Cursor Bugbot has reviewed your changes and found 3 potential issues.
Bugbot Autofix prepared fixes for all 3 issues found in the latest run.
- ✅ Fixed: Cycles silently drop scheduled islands
- Added a full-node-count assertion in
schedule_inso cyclic control-flow now fails loudly instead of returning a partial schedule.
- Added a full-node-count assertion in
- ✅ Fixed: Range bound semantics are lost
- Updated
IdVec::copy_withinto preserveBound::{Included,Excluded,Unbounded}when converting typed ID bounds tousizebounds.
- Updated
- ✅ Fixed: Requirement resolution assumes acyclic control flow
- Replaced DFS-postorder-based ordering with Kahn topological ordering plus a cycle assertion in island requirement resolution.
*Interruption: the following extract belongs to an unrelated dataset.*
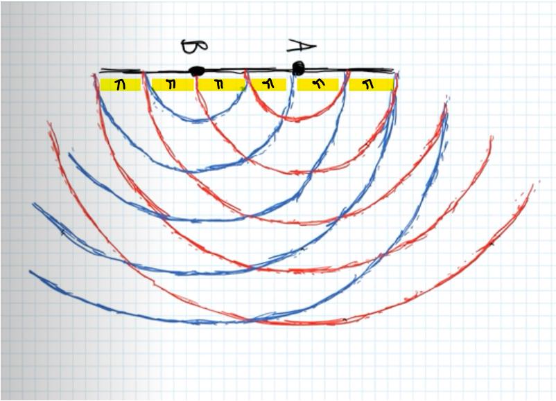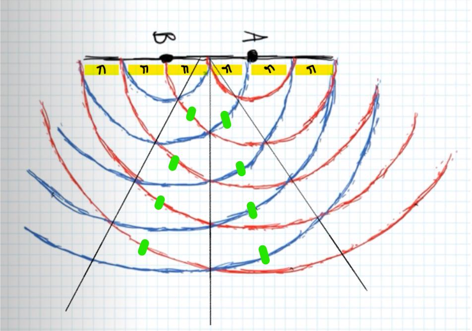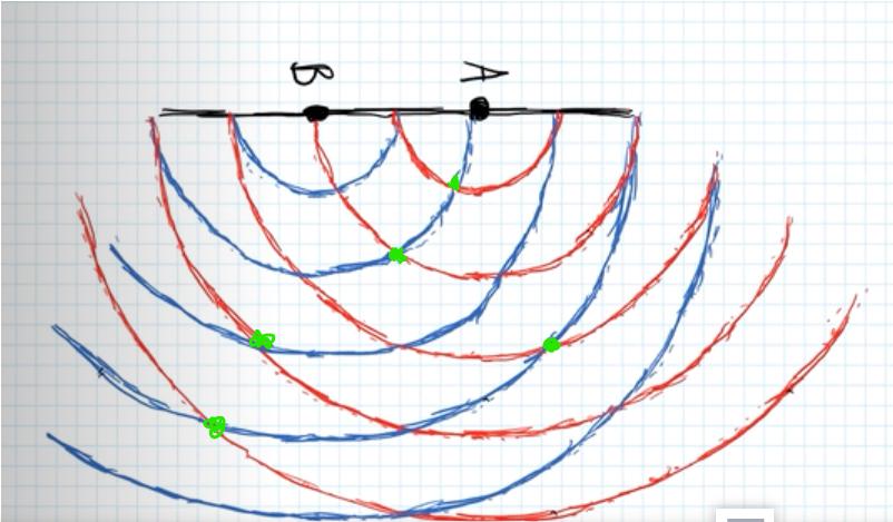 - På ställen där det blir relativt tyst, det vill säga nodpunkterna, måste det gälla konstruktiv interferens mellan de två ljudvågorna från ljudkällorna A och B? är det rätt?Du har ju en våglängd. Om man ritar vågfronter som du nog gör det är det avståndet mellan cirklarna. Och det ska då vara på samma skala som avståndet mellan vågkällorna.

Or push these changes by commenting:
@cursor push 27aca44a02
Preview (27aca44a02)
diff --git a/libs/@local/hashql/core/src/id/vec.rs b/libs/@local/hashql/core/src/id/vec.rs
--- a/libs/@local/hashql/core/src/id/vec.rs
+++ b/libs/@local/hashql/core/src/id/vec.rs
@@ -6,7 +6,7 @@
fmt::{self, Debug},
hash::{Hash, Hasher},
marker::PhantomData,
- ops::{Deref, DerefMut, RangeBounds},
+ ops::{Bound, Deref, DerefMut, RangeBounds},
slice,
};
@@ -510,8 +510,16 @@
where
T: Copy,
{
- let start = src.start_bound().copied().map(Id::as_usize);
- let end = src.end_bound().copied().map(Id::as_usize);
+ let start = match src.start_bound() {
+ Bound::Included(&bound) => Bound::Included(bound.as_usize()),
+ Bound::Excluded(&bound) => Bound::Excluded(bound.as_usize()),
+ Bound::Unbounded => Bound::Unbounded,
+ };
+ let end = match src.end_bound() {
+ Bound::Included(&bound) => Bound::Included(bound.as_usize()),
+ Bound::Excluded(&bound) => Bound::Excluded(bound.as_usize()),
+ Bound::Unbounded => Bound::Unbounded,
+ };
self.raw.copy_within((start, end), dst.as_usize());
}
@@ -796,3 +804,23 @@
Self::from_raw(Vec::from_iter_in(iter, alloc))
}
}
+
+#[cfg(test)]
+mod tests {
+ use super::IdVec;
+ use crate::id::{Id as _, newtype};
+
+ newtype!(#[id(crate = crate)] struct TestId(u32 is 0..=32));
+
+ #[test]
+ fn copy_within_preserves_inclusive_end_bound() {
+ let mut vec = IdVec::<TestId, i32>::from_raw(alloc::vec![10, 20, 30]);
+
+ vec.copy_within(
+ TestId::from_usize(1)..=TestId::from_usize(1),
+ TestId::from_usize(0),
+ );
+
+ assert_eq!(vec.as_slice().as_raw(), &[20, 20, 30]);
+ }
+}
diff --git a/libs/@local/hashql/mir/src/pass/execution/island/graph/mod.rs b/libs/@local/hashql/mir/src/pass/execution/island/graph/mod.rs
--- a/libs/@local/hashql/mir/src/pass/execution/island/graph/mod.rs
+++ b/libs/@local/hashql/mir/src/pass/execution/island/graph/mod.rs
@@ -20,7 +20,7 @@
#[cfg(test)]
pub(crate) mod tests;
-use alloc::alloc::Global;
+use alloc::{alloc::Global, collections::VecDeque};
use core::{
alloc::Allocator,
ops::{Index, IndexMut},
@@ -29,11 +29,10 @@
use hashql_core::{
debug_panic,
graph::{
- DirectedGraph, EdgeId, LinkedGraph, NodeId, Predecessors, Successors, Traverse as _,
+ DirectedGraph, EdgeId, LinkedGraph, NodeId, Predecessors, Successors,
algorithms::{Dominators, dominators},
linked::Edge,
},
- heap::CollectIn as _,
id::{
HasId as _, Id as _,
bit_vec::{BitMatrix, DenseBitSet},
@@ -243,13 +242,39 @@
where
S: Allocator + Clone,
{
- let mut topo: Vec<IslandId, _> = self
- .inner
- .depth_first_forest_post_order()
- .map(|node| IslandId::new(node.as_u32()))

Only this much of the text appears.